The model borrowed lessons from Amul’s dairy cooperative structure — a three-tier system connecting village-level collection to district-level processing to state-level marketing.

How the Mill Floor Operates in 2026

Today, the cooperative spinning infrastructure in Bikaner district operates with approximately 10,000-12,000 spindles across multiple units. The membership base spans over 200 primary wool cooperative societies, connecting an estimated 25,000 to 30,000 pastoral households.

The revenue model works in layers. Shepherds sell raw wool to their village cooperative at a procurement price set above the prevailing market rate — typically ₹40-55 per kilogram depending on grade and fibre diameter. The cooperative then transports wool to the spinning mill, which processes it into yarn sold to textile manufacturers in Ludhiana, Panipat, and increasingly to exporters shipping to Europe and East Asia.

Stage Actor Approximate Value (₹/kg)
Raw greasy wool Shepherd to village cooperative 40-55
Scoured wool After cleaning and grading 120-150
Spun yarn (semi-worsted) Mill output 350-500
Finished textile product End manufacturer 1,200-2,500

The value multiplication from raw wool to spun yarn is roughly 7x to 10x. When cooperatives capture even a portion of that margin and return it as dividends or higher procurement prices, the impact on household income is transformative. Members also receive annual bonuses based on the mill’s profitability, and some cooperatives offer livestock insurance and veterinary services as bundled benefits.

What Threatens the Thread

The picture is far from rosy. Several cooperative spinning mills in Rajasthan have struggled with outdated machinery — some units still run on equipment installed in the 1980s, with spindle efficiency well below modern standards. The cost of upgrading a single spinning line runs into crores, and many cooperatives lack the retained earnings or creditworthiness to finance modernisation.

Political interference remains a chronic problem. Board elections in Rajasthan’s cooperatives are frequently contested along caste and party lines, and I have seen reports of mills where elected chairpersons had no textile experience whatsoever. Management decisions — from procurement pricing to hiring — get politicised, eroding operational efficiency.

Then there is competition. Synthetic fibre, particularly acrylic yarn from China, has captured a massive share of the Indian woollen textile market. The Panipat shoddy wool industry, which recycles old garments into cheap blankets, further depresses demand for virgin wool yarn. Climate change adds another layer of stress: erratic rainfall patterns in western Rajasthan reduce grazing land, pushing shepherds to reduce flock sizes. The Magra and Chokla sheep breeds, prized for carpet-grade wool, are declining in population.

Nohar’s Quiet Success Story

Contrast Bikaner’s challenges with what has happened in Nohar, Hanumangarh district. A relatively small cooperative spinning unit there partnered with a GI-tagged carpet weaving cluster and began producing yarn specifically calibrated for hand-knotted carpets destined for European buyers. By aligning yarn specifications with export requirements — fibre length, twist per inch, colour fastness — the Nohar unit commands a premium of nearly 30% over standard yarn. Their annual turnover reportedly crossed ₹8 crore in the 2026-26 financial year.

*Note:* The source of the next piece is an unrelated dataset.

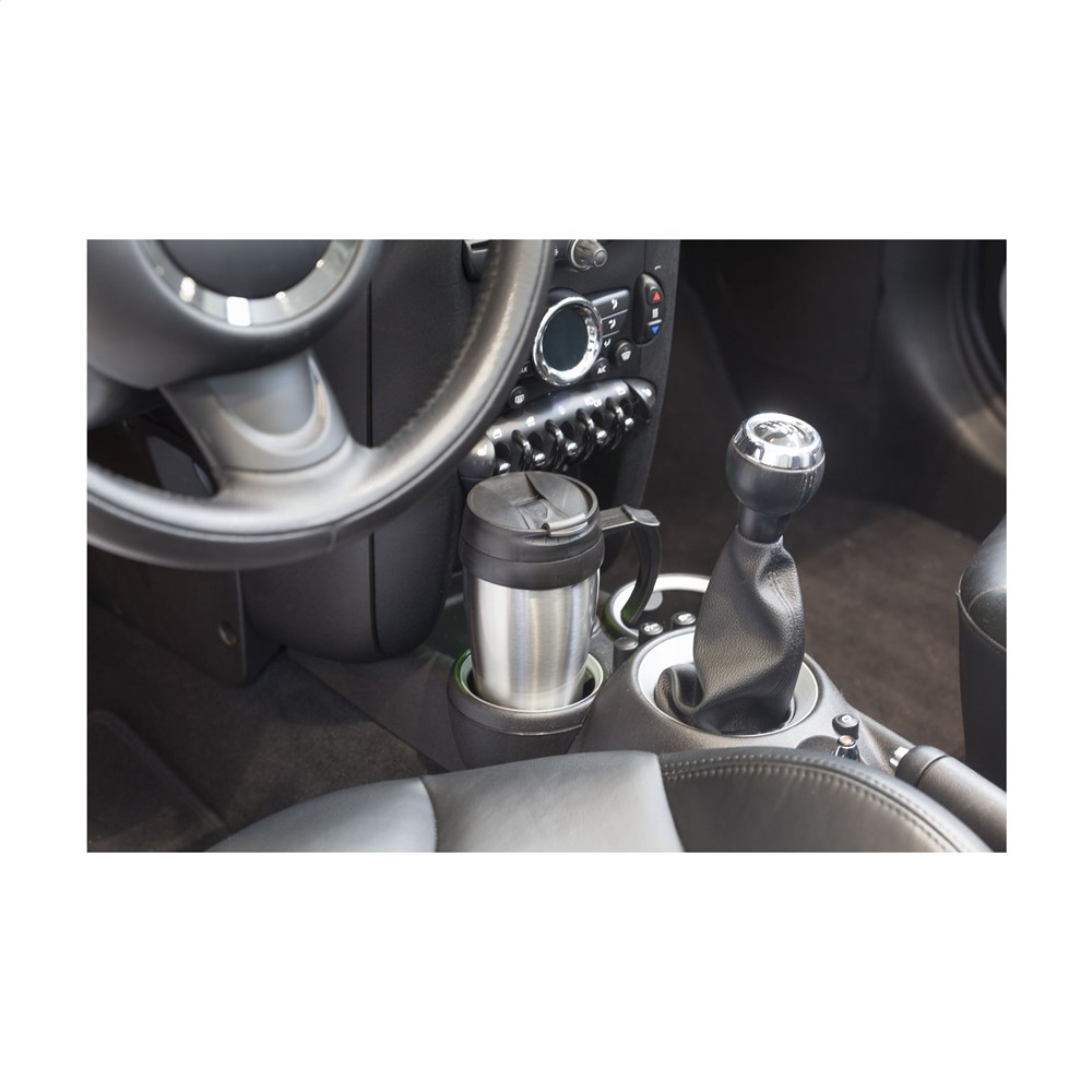 Dubbelwandige RVS/kunststof thermosbeker met schroefdeksel en klikopening. Lekvrij. Inhoud 400 ml. Per stuk in doos.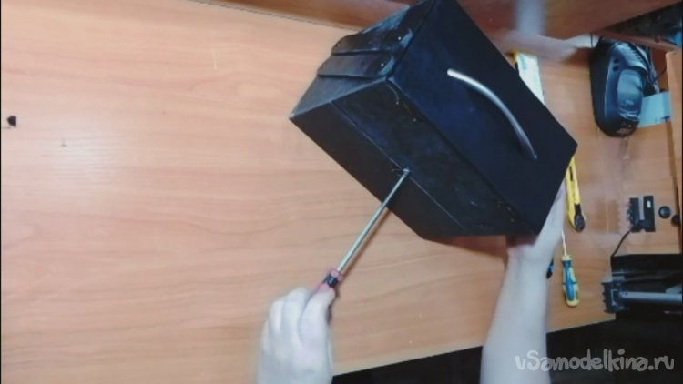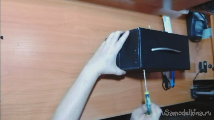 Теперь прикручиваем мебельную ручку к крышке нашего ящичка.

The lesson is clear: cooperatives that invest in product specialisation and market linkage outperform those selling generic commodity yarn into a crowded domestic market. The Nohar model is now being studied by the Rajasthan State Cooperative Federation for replication.

The Road Ahead for Desert Wool Cooperatives

Several developments could reshape this sector by 2030. The Ministry of Cooperation, established in 2021, has signalled intent to computerise and professionalise cooperative governance — a move that could reduce political capture of spinning mill boards. NABARD’s ongoing PACS digitalisation drive may eventually integrate wool procurement data, enabling transparent pricing and faster payments to shepherds.

Technology matters too. Modern mini-spinning plants with 2,000-3,000 spindles can be set up for ₹5-8 crore — a fraction of legacy mill costs — and produce speciality yarn for niche markets. If cooperatives can access NCDC’s concessional lending for such upgrades, the economics shift dramatically. There is also growing global demand for traceable, ethically sourced natural fibre, and Rajasthan’s cooperative wool — if properly branded and certified — fits that market perfectly.

Back to the Shepherd

Bhoma Ram, the Bikaner shepherd I mentioned at the start, told a local journalist in a 2026 interview that his sons were considering returning to sheep rearing after years of working as daily-wage labourers in Surat. The cooperative’s improved procurement price had made the family’s pastoral livelihood viable again — barely, but viable.

That fragile viability is the story of India’s cooperative spinning mills in miniature. The infrastructure exists, the raw material exists, and the global market exists. What remains is the hard institutional work of governance reform, technology investment, and market linkage. If you are involved in the cooperative sector — as a member, policymaker, or researcher — I would urge you to study Bikaner’s mills closely. The thread they spin connects not just fibre to fabric, but rural livelihoods to global opportunity.